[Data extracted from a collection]
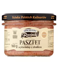 Dane produktowe Spichlerz Rusiecki Pasztet wykwintny z drobiem 160 g Składniki: wątroba z kurczaka 21%, mięso wieprzowe 21%, woda, skórki z kurczaka 14%, tłuszcz wieprzowy, mięso z kurczaka 7,5%, skrobia modyfikowana, sól, przyprawy, stabilizator: cytrynian sodu, fosforany potasu,...
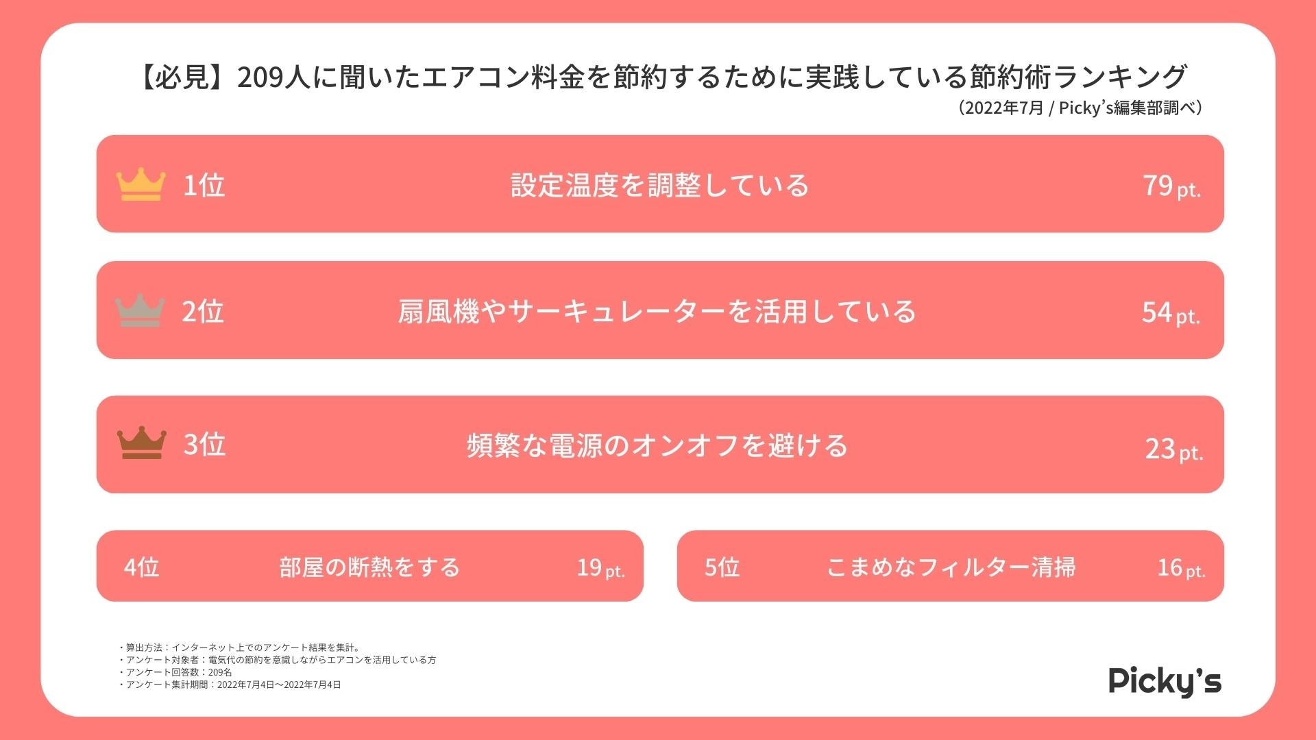 このたびPicky’s(https://rentry.jp/note/)では、エアコンの使用が本格化する季節に向けてエアコンの電気料金の節約についてインターネット上でアンケート調査を行い、ランキングを作成いたしましたので発表いたします。
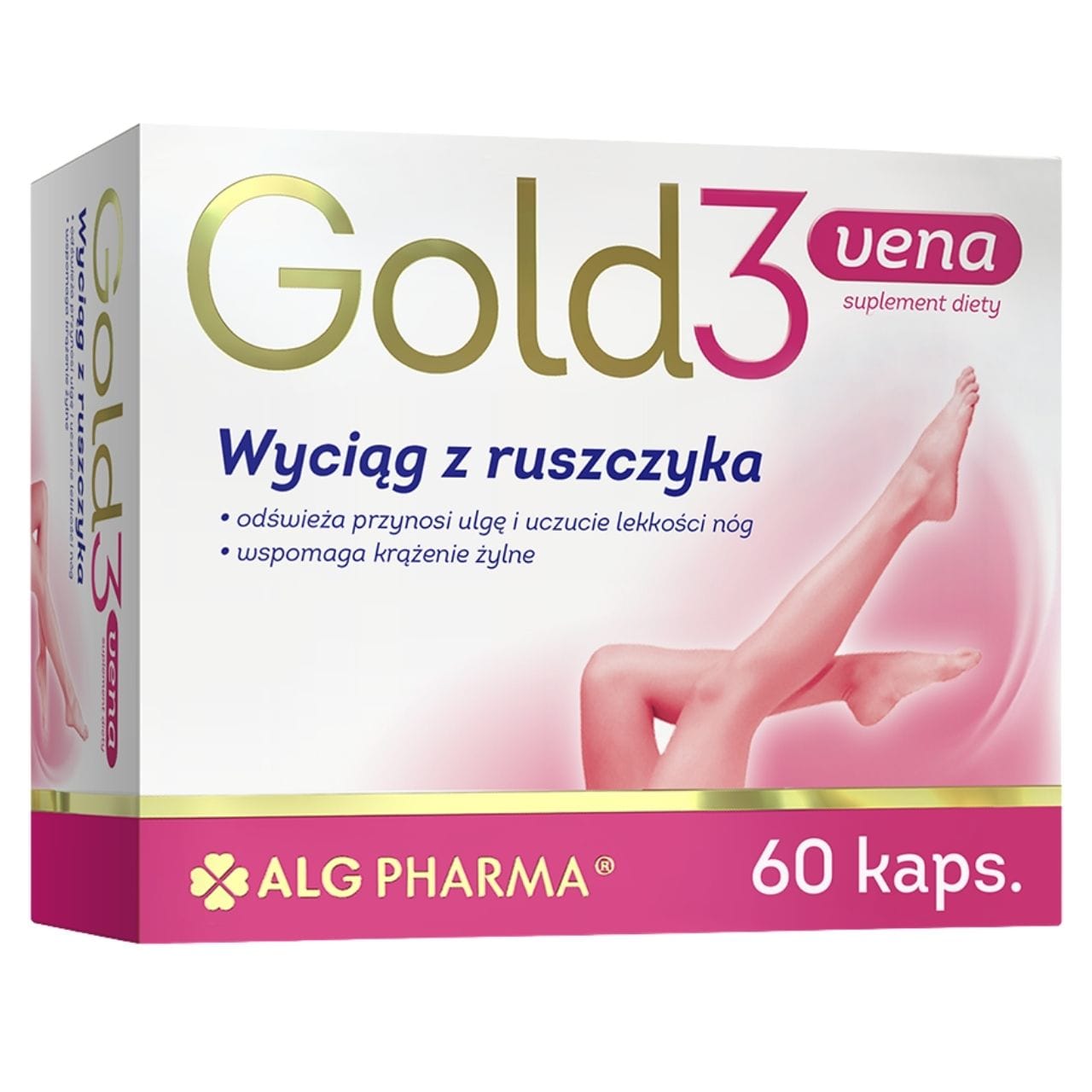 ALG Pharma Gold 3 Vena is a dietary supplement in capsule form containing butcher’s broom extract (150 mg), bitter orange extract with hesperidin (150 mg) and vitamin C (100 mg = 125% RDA). Vitamin C contributes to normal collagen production for the proper functioning of blood vessels. Pack of 60 capsules = 60 days’ supply.
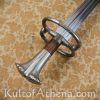 The iconic sidearm of the ostentatious Renaissance Landesknecht mercenaries, the Katzbalger was purpose-designed for a close-in melee between entwined pike and halberd formations. This example by Dragon King is responsive and agile with a broad blade which will chop and hack with great efficiency. The blade profile is tapered just enough to make it a capable thrusting sword as well. A large S-guard affords a wide plane of protection to the hand and forearm without adding excessive weight.
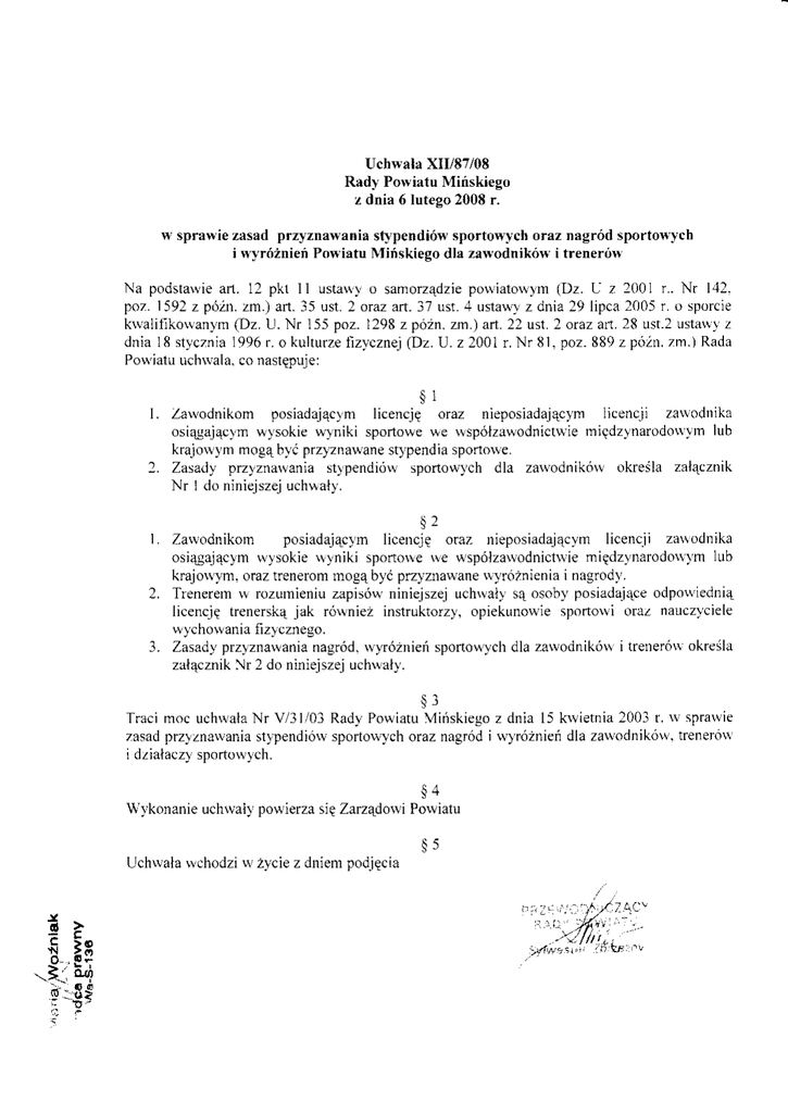 Uchwała Rady Powiatu Mińskiego XII/87/08 z dnia
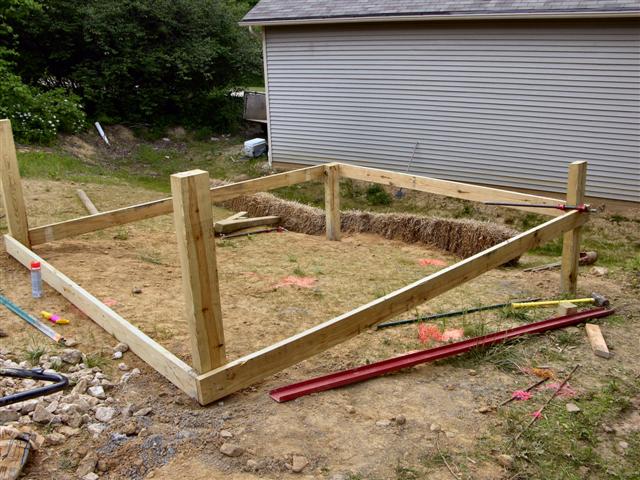 We picked out a spot of ground with a pretty good slope located between the pole barn and the 57' X 150' garden perimeter.
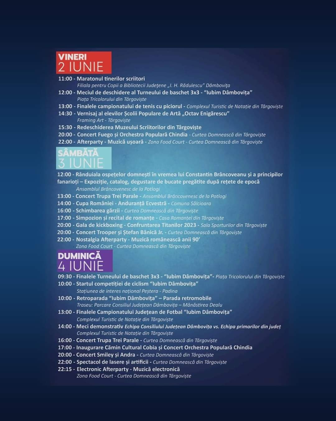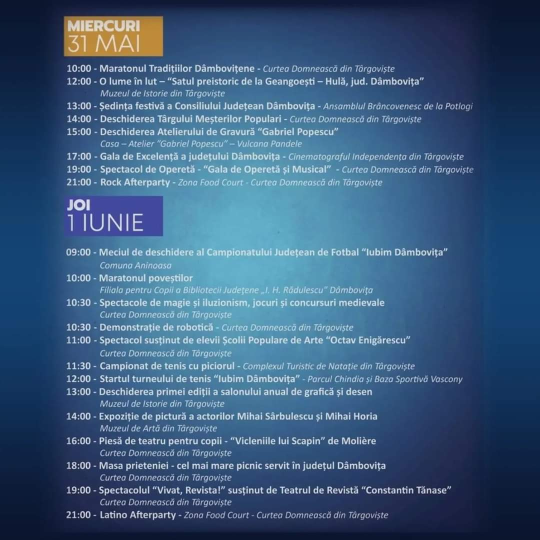Președintele CJ Dâmbovița, Corneliu Ștefan îi invită pe toți cetățenii județului, în perioada 31-4 mai să se bucure de o serie de manifestări cultural-artistice.
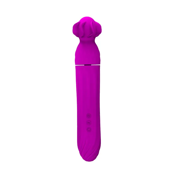 Двухголовый вибростимулятор пурпурного цвета, изготовленный из силикона. Имеет рельефную голвку с расположенными на ней мягкими лепестками. Имеет функцию как вибрации (12 функций), так и ротации (4 функции). Нижняя часть может исключительно вращаться (без вибро). Управление осуществляется кнопками в основании игрушки. Заряжется при помощи USB (есть в комплетке) Общая длина - 21 см, макс. диаметр - 3,5 см. Длина вибрирующей головки - 7 см. Водонепроницаемый. Вес игрушки: 223 гр. Упакован в картонную коробку. Страна изготовления- Китай.
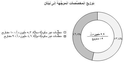 يتوزّع مبلغ ال9.9 مليون د.أ. على شريحتين: الأولى تهبها منظّمات غير حكوميّة محليّة وتبلغ قيمتها 5.3 مليون د.أ. وهي تقسّم على 10 مشاريع والثانية مصدرها منظّمات غير حكوميّة دوليّة وتبلغ قيمتها الإجماليّة 4.6 مليون د.أ. وهي تتوزّع على 9 مشاريع.

* DIRECTIONS FOR THIS TASK
Print the lines from the beginning of the records up to and including the line containing "ALG Pharma Gold", word for word, with no pictures.

* EXPECTED ANSWER
 Dane produktowe Spichlerz Rusiecki Pasztet wykwintny z drobiem 160 g Składniki: wątroba z kurczaka 21%, mięso wieprzowe 21%, woda, skórki z kurczaka 14%, tłuszcz wieprzowy, mięso z kurczaka 7,5%, skrobia modyfikowana, sól, przyprawy, stabilizator: cytrynian sodu, fosforany potasu,...
 このたびPicky’s(https://rentry.jp/note/)では、エアコンの使用が本格化する季節に向けてエアコンの電気料金の節約についてインターネット上でアンケート調査を行い、ランキングを作成いたしましたので発表いたします。
 ALG Pharma Gold 3 Vena is a dietary supplement in capsule form containing butcher’s broom extract (150 mg), bitter orange extract with hesperidin (150 mg) and vitamin C (100 mg = 125% RDA). Vitamin C contributes to normal collagen production for the proper functioning of blood vessels. Pack of 60 capsules = 60 days’ supply.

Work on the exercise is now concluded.